04 Aug, 2025

Market Coupling in India’s Power Sector: Promise vs. Execution Challenges

04 Aug, 2025,
242

Explanantion with proper context and a Q&A format: Market Coupling in Power Sector: Industry Flags Execution Risks


1) Context: What Is Market Coupling in Power Sector?

In India, electricity is traded on three main exchanges:

  • IEX (Indian Energy Exchange) – has ~90% market share.

  • PXIL (Power Exchange India Ltd.)

  • HPX (Hindustan Power Exchange)

Currently, buyers and sellers choose which exchange to trade on. But there's a problem: IEX has all the liquidity, so naturally, everyone prefers it. The newer exchanges struggle.

To solve this, the government proposed market coupling — where a central system will collect all bids from all exchanges, match the best buy/sell offers, and declare a single price for electricity across India.

This system is designed to improve:

  • Transparency

  • Price discovery

  • Fair competition


2) Q&A: Challenges in Implementing Market Coupling


Q1: What is market coupling trying to solve?

Problem: All buyers go to IEX because it has more sellers, and vice versa. New exchanges can’t grow.

Solution: Pool all trades in one place (like UPI for power), and let a neutral operator match the best rates - regardless of which exchange you placed the order on.


Q2: Sounds good. So why is the industry worried?

The industry - especially IEX and big participants - are worried about how this will be implemented. Concerns include:


Q3: Who will run this central system?

Challenge: The current proposal gives control to the Grid Controller of India Ltd. (state-owned). Exchanges fear this may lead to:

  • Conflict of interest

  • Slow response time

  • Lack of commercial innovation

They want a neutral, independent operator, not a government body.


Q4: Will it affect the business model of exchanges like IEX?

Yes.

  • Currently, exchanges make money from high trading volumes.

  • If all trades are pooled and matched centrally, liquidity is no longer an edge.

  • IEX fears it may lose its dominance, and revenues could fall.


Q5: Are there international examples of this?

Yes, Europe uses market coupling for cross-border electricity trade.

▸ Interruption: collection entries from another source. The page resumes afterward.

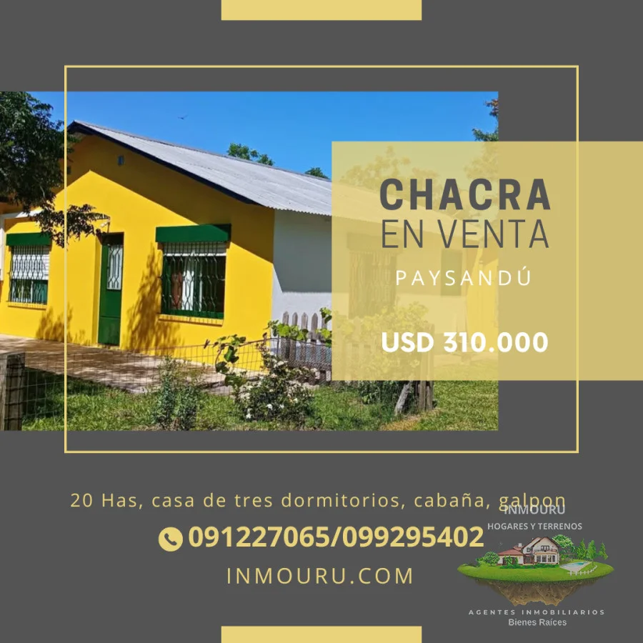 Se vende chacra con casa en Paysandú, en zona rural próximo a Cerro Chato y Gallinal.
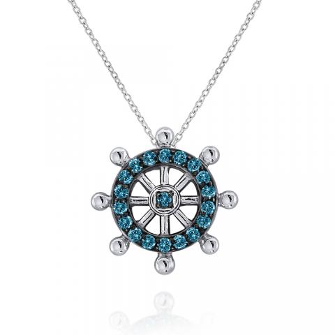 Bon Voyage! Be prepared to set sail into summer with this gold and blue diamond necklace. Pair with our matching blue diamond ships wheel studs to complete the look.
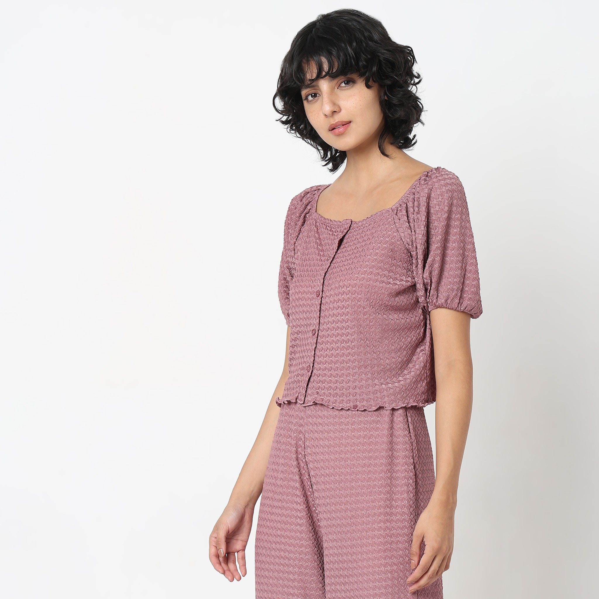 This solid pattern shirt has a square neck and short sleeve. Made from polyester elastane, it is soft and comfortable to wear.
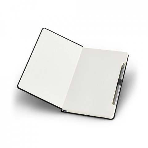 Caderno A5 de capa dura em c. sintético. Contém 192 páginas lisas, fita separadora, elástico e suporte para esferográfica. Incluso esferográfica de metal com escrita em azul. Fornecida com caixa presente. 139 x 216 mm | Caixa: 145 x 220 x 15 mm
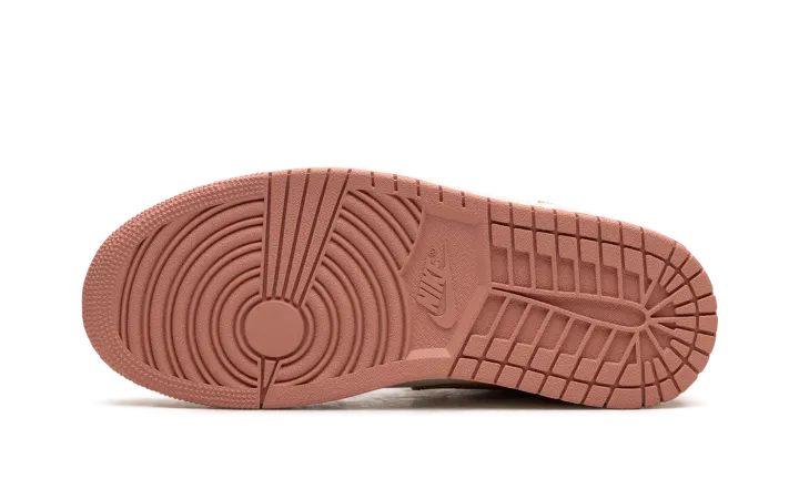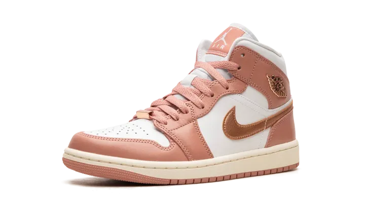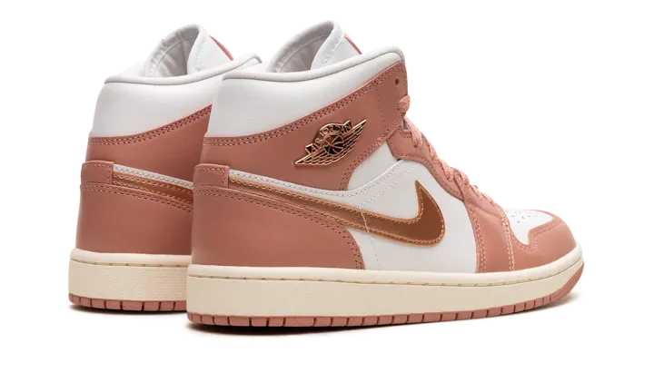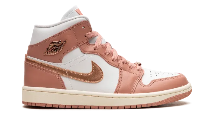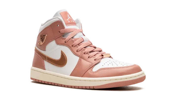 The Women's Air Jordan 1 Mid "Red Stardust" is a women's-exclusive colorway of the casual shoe with an opulent design. A premium look for the Jordan 1 Mid, the upper features a white leather base with Red Stardust-colored leather overlays. A metallic pink Swoosh appears on the sides while a metal "Wings" logo is seen on the collar. Jumpman detailing is found on the tongue tag. A metallic lace dubrae adds to the shoe's unique charm. Underfoot, an aged midsole completes the look. Release date: October 19, 2023

But:

  • Those are mature, digitally advanced markets.

  • India still has transmission bottlenecks, data latency, and state-level complications.

So copy-pasting the model may not work without groundwork.


Q6: What's the risk for investors and consumers?

  • If poorly implemented, it may disrupt power availability or pricing in short-term markets.

  • For companies like IEX, it could impact growth and profitability.

  • For new players like PXIL and HPX, it’s a potential game-changer, but only if execution is clean.


Bottom Line

Market coupling can democratize power trading in India — making it fairer, more efficient, and technology-driven.

But for it to succeed:

  • Governance must be transparent and independent.

  • Implementation must be technically sound and phased.

  • Concerns of dominant players like IEX must be acknowledged but not allowed to block reform.